Give it a go is what I'd say, and take all the advice about places to meet etc that you are given. Am sorry, but in this day and age after all the stories about people being daft enough to send anyone money, it really beats me why anyone still does it.
After my divorce at 41, I met the love of my life at a Singles group i joined and we had a few very happy years together but in our separate homes. Sadly we broke up and i was devastated but a friend had just met her (now) husband on a dating site and i signed up to the same one. Think it was match.com but i don't even know if it still exists.
I only wanted to meet reasonably local men as was unable to embark on a long distance relationship. I met 2 guys who i had longish, 2/3 year relationships with but also dated one or 2 others briefly.
I felt I'd rather meet men in person sooner rather than later as anyone can type anything but hearing and meeting in person gives you more of a feel for someone.
A wee l;augh.

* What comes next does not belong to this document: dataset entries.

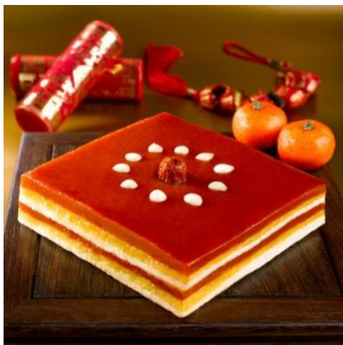
Layered Cake with Custard & Golden Flakes 金箔奶皇千层糕 $48 per portion

On top of the wide variety of delectable Yu Shengs, Feng Shui Inn is also introducing set menus and ala-carte menu that are available during lunch and dinner. One of the new celebratory dish guests can look forward is the Poached Seasonal Green with Black Fungus in Lobster Bisque . This festive dish, which specially uses lobster as it symbolizes the beginning of a smooth and prosperous year, sees a 'Live' lobster poached in a flavourful bisque.
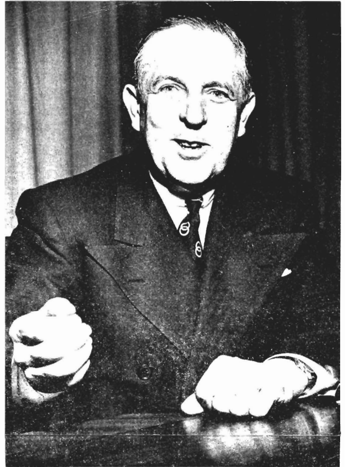
Paul Gray Hoffman Administrator of the Marshall Plan

Attracting the attention of Dag Hammarskjold, Secretary-General of the United Nations, Hoffman was appointed Managing Director of the United Nations Special Fund (later to be called the U.N. Development Program), which was created to help countries that wanted outside financing to develop natural resources. Under his supervision (from 1959 to his retirement at the age of 80 in 1972), the U.N. Development Program (and its predecessor, the U.N.
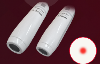
Dot HiFU Handpiece
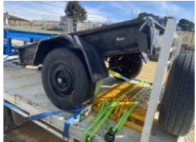
Outside entry 2- M Bieder
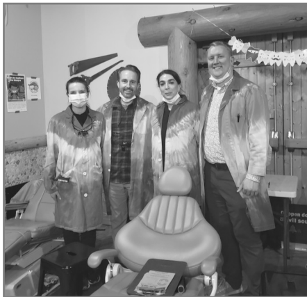
Toothapalooza Volunteers 2025
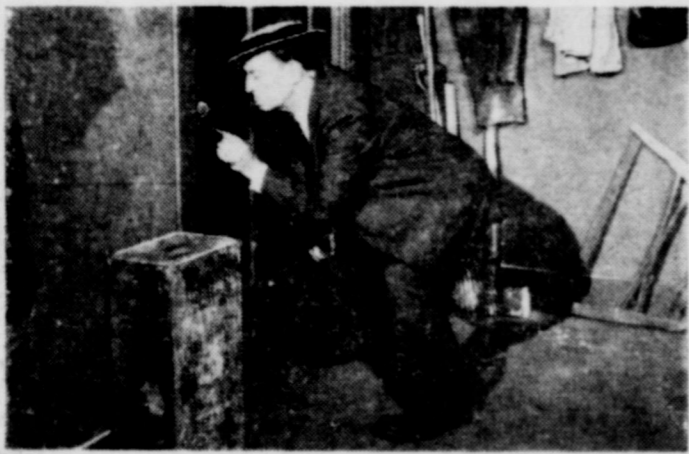
If there is one key Buster Keaton owns, it's the key to an audience's sense of humor. This is a scene from "Exquisite Buster," John Deere Day feature picture.
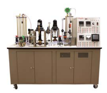
MODEL H-ICS-8189-4 Instrumentation and Control Trainer 62"H x 75"W x 30"D

The Hampden Model H-ICS-8189-4 trainer provides experience in setting up, tuning, operating, and troubleshooting actual instrument and control systems of the type used in the power and process industries. The trainer provides instruction in the measuring and transducing of such physical variables as pressure, temperature, flow and level by simulating a different process loop. Students and trainees learn instrumentation and control techniques of standard commercial manufacturers, such as
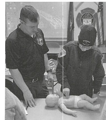
Economy Ambulance teaching our local Fire Departments CPR (early 2020)
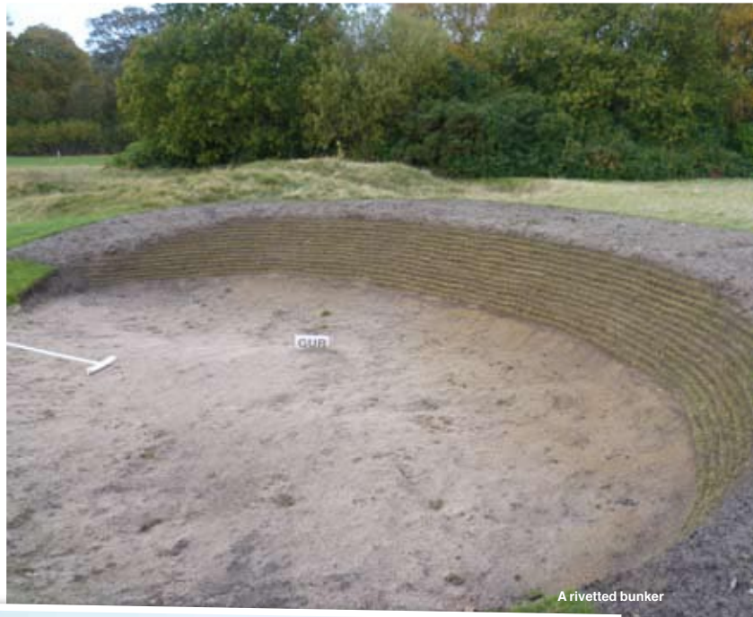
A rivetted bunker
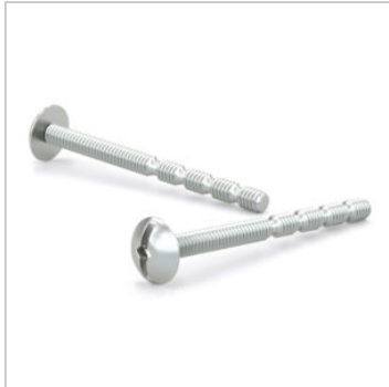
Breakaway Machine Screw, Large Truss Head, Combined Quadrex Slot Drive, 8-32, Type B Point Product № 2905 Packaging format: Bag of 50 units
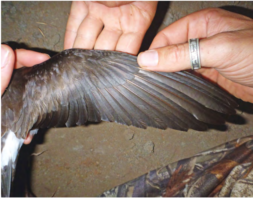
Figs. K1, K2 : Along the Na Pali Coast, Kaua'i, August 23, 2012.
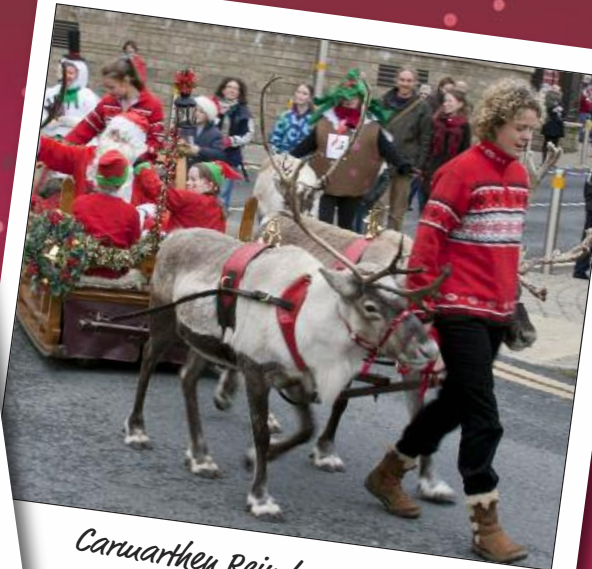
Carmarthenshire Reindeer Parade - Nov 19th
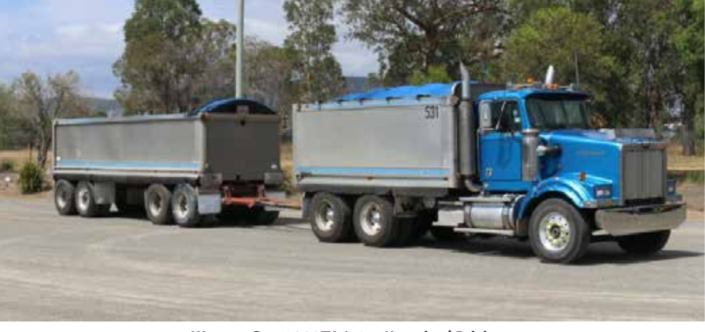
Western Star 4800FX 6x4 & Hercules | Brisbane

One such guy sounded great but when we met, for coffee in a town centre to be sensible, he looked unkempt and brought his divorce papers to show me, then told me some story about his ex and teaspoons! After our meeting I told him (nicely) I wouldn't want to meet him again but he was very persistent with messages till I threatened to go to police. He stopped immediately.
I'm now married to my last online date. We dated for 3 years first.
As for posting photos, I didn't do it as i worked in a huge office of hundreds of employees and did not want to be recognized, but in my profile said i was happy to share photos later. So I wouldn't put too much stead on someone who doesn't post a Photo.
Give it a go, and good luck.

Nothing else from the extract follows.